在这种急需物资的关键时刻,如果家康向对方赠送黄金、马铠之类的东西,作左一定会骂声大起。可是,一听赠礼竟是一把茶壶,他不禁笑嘻嘻地点了点头。“大人能下如此大的决心,可敬可佩!可是,大人……”
“你有什么苦衷,老爷子?”
“当然有,那把茶壶上还没有贴上金箔啊,大人。”
“还要贴上金箔?”
“当然要贴,但凡名器,都要在金箔之上再贴一层金箔。大人可还记得,您从清兵卫手里接过这壶之时。既没有笑容,也没有感激,因此,不贴金箔万万使不得。我看,得赶紧把清兵卫叫来,让他赶紧贴上。”
“言之有理……”家康也不知不觉探出了身子。二人似都变成了喜欢恶作剧的孩子,扑哧一声笑了起来。
“你有好主意吗,作左?”
“当然有。对于筑前守那样的迅速发迹之人,想把他哄得高兴,就要破费些。大人,那把壶可是名器啊,是清兵卫去堺港的时候,豁出性命才弄到手的。”
“这……是真的?”
“不清楚!”作左摇摇头,“若非如此,怎么会贴金箔呢?听说,很多堺港的名流,如宗易、友闲,以及很多茶人,一听说那把壶竟然到了清兵卫的手中,都扼腕叹息。”
“你不是非常了解吗?”
“我怎会不知!那可是茶人们都想争着献给新的天下人羽柴筑前守,以讨好他的天下第一名器啊,没想到清兵卫把它献给了大人。不知大人是否记得,当时您高兴得昏了头,张口就要赏赐清兵卫五千石领地。”

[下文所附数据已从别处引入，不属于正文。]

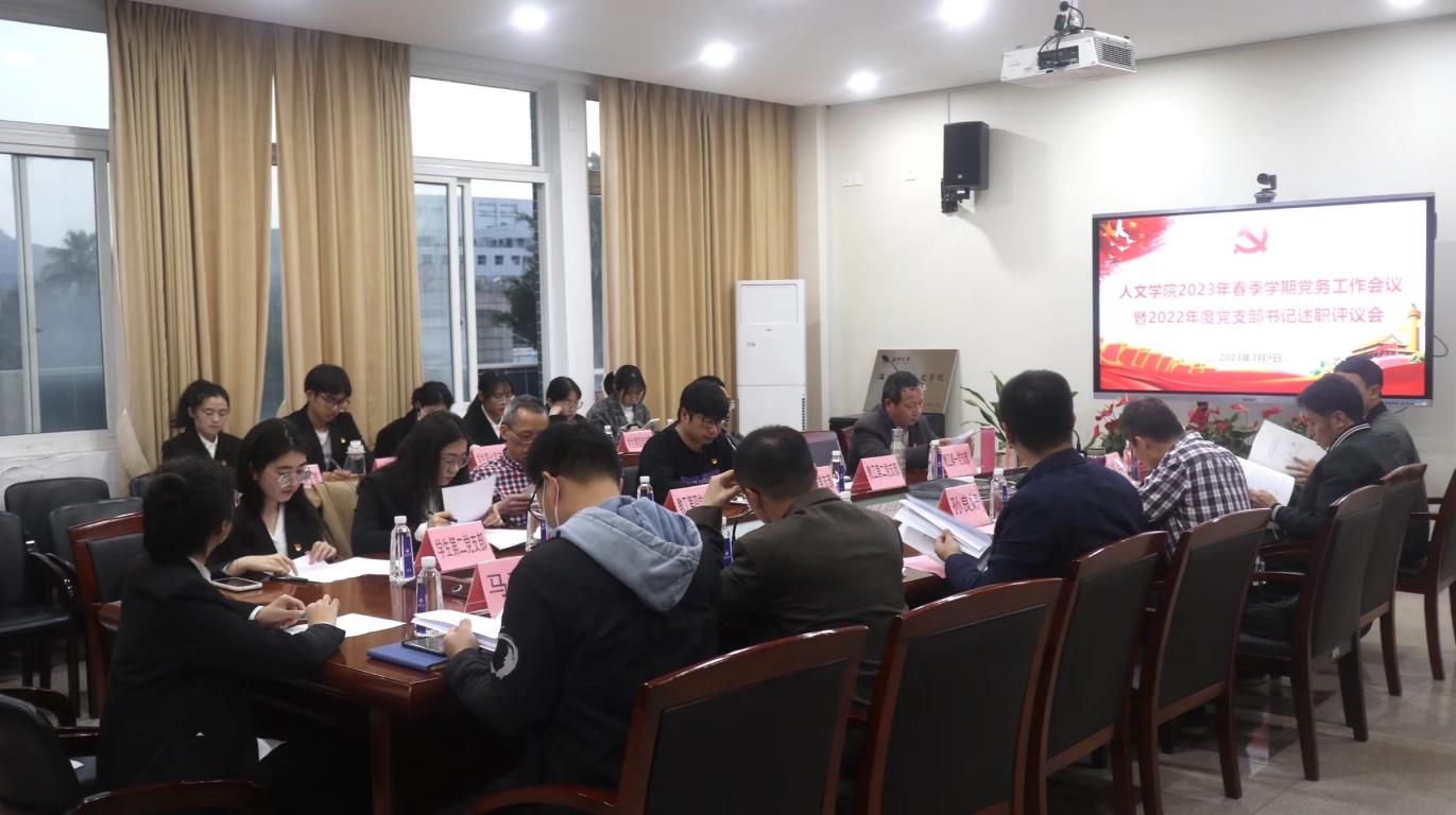 为深入学习贯彻党的二十大精神,落实党建工作责任制,推进基层党建工作,3月9日晚,9428cn太阳集团古天乐2022年度党支部书记述职评议会暨新学期党务工作会议在人文楼213会议室召开,总结盘点2022年党支部书记履职情况,全面部署新学期公司党建工作。学院全体党委班子成员、师生党支部书记参加会议,副书记魏一同志主持会议。
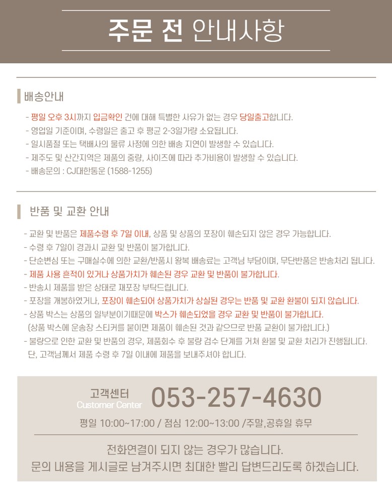 - ㆍ모니터 해상도의 차이로 인해 색상이나 이미지가 실제와 달라, 고객이 단순 변심으로 교환/반품을 무료로 요청하는 경우
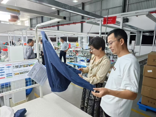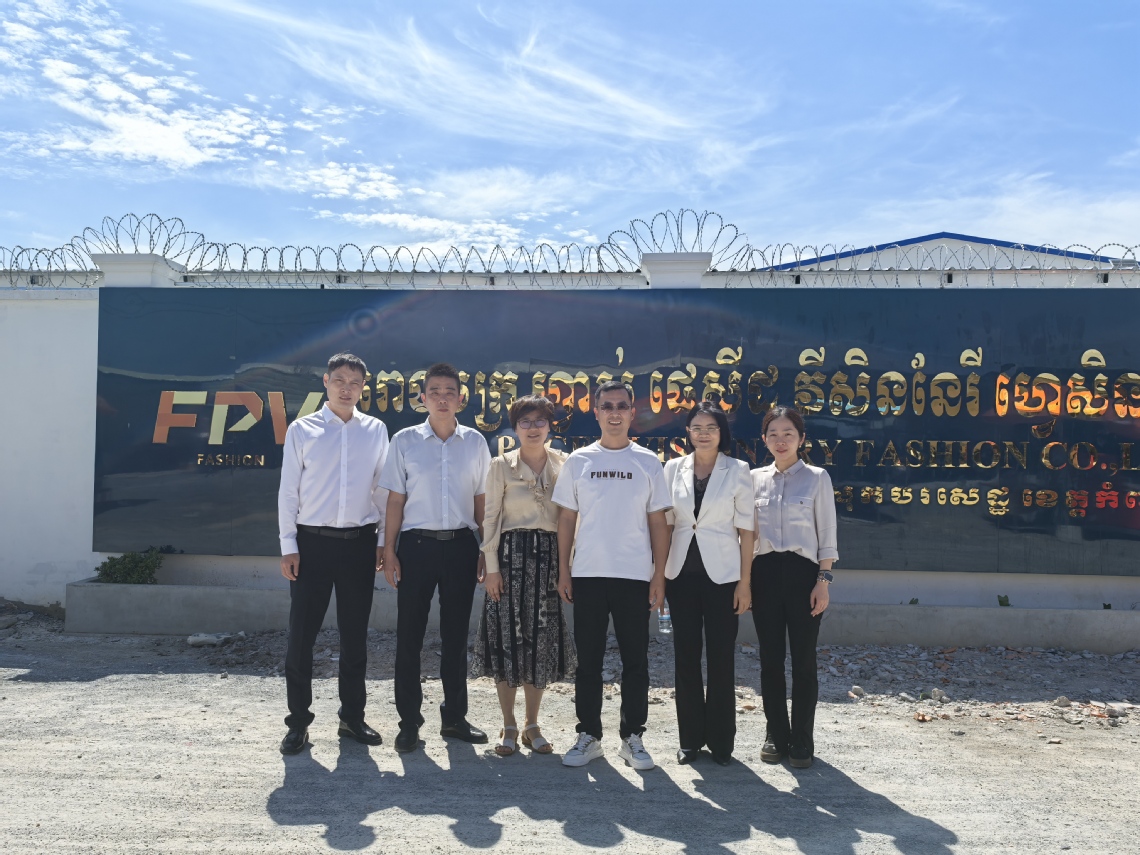 11月27至28日,代表团一行前往武汉凯骏服装集团有限公司柬埔寨生产基地参观交流,与基地负责人郭杨及18名核心技术骨干进行交流研讨。郭杨对代表团一行表示欢迎,并全面介绍了公司在柬埔寨的基本情况。

“等等,等等,老家伙,口下留情!”家康沉下脸,向作左吼道。
作左则厚着脸皮,把头伸到图纸前面,继续喋喋不休。“那可不行。筑前那只老狐狸,净干些坑人的勾当,大人如果不给茶壶包上金箔,他必不会善罢甘休。对吧,大人可是天下闻名的铁公鸡啊,好不容易有赚取‘美名’的机会,必不可错过。这就是此壶的说头……天下闻名的吝啬之人竟然张口就赏五千石,把松平清兵卫都吓得一哆嗦。”
“吓得他一哆嗦……”
“当然。您想,铁公鸡得意忘形,无意间说漏了嘴,定会非常后悔,或许会干出故意设计陷害的勾当呢。因此,赏赐给清兵卫的五千石领地,最后竟意外地被退了回来。”
“你这个老东西,信口雌黄。别说了,别说了!”
“马上就说完了,大人只管听着就是。于是,大人就问清兵卫有没有其他要求,最后,大人答应免去清兵卫子孙后代的库役、酒役,以及其他一切杂役……因此,滨松人把这把壶称为‘五千石壶’。”
“我知道你的意思了,快住口!”家康终于抬起手来,“我知道,你今日来,就是让我把那把壶献出去。既然如此,你把那个敢去筑前那里出使的人说出来。我知道,你早就和那人商量好了。”
“大人明查,”作左卫门舔了舔发干的嘴唇,“不愧是大人啊……一下子直击要害。可是,不管能当此重任的人是谁,此人必须去施行您的谋略。您究竟想让谁带着那件天下闻名的名器‘五千石壶’,到筑前那里出使啊?”
“这次出使,等闲之辈势难当此任。”
“大人英明。”
“特意赶到你那里,和你密谈此事的那个人,想必不住滨松。”
“大人慧眼,确不是滨松的人。”
“那人从冈崎赶到你那里去的,他是……”
“石川数正……数正那个家伙。”
“作左!”
作左卫门应了一声,伏在地上。“数正是来求我担当出使重任的。可是,这么重的担子,我怎么担得起呢?但我也决不忍心把数正一人送入虎口。于是,我们俩约好,若数正亡我也亡,数正切腹我也切腹。筑前为人狡诈,数正回来之后,其定会到处散布传言,说数正已经投靠他。他不只想让大人斩杀数正一人,还会四处造谣,说家中和数正一同思变的人有很多。这样一来,就先从内部瓦解了我们的军心。”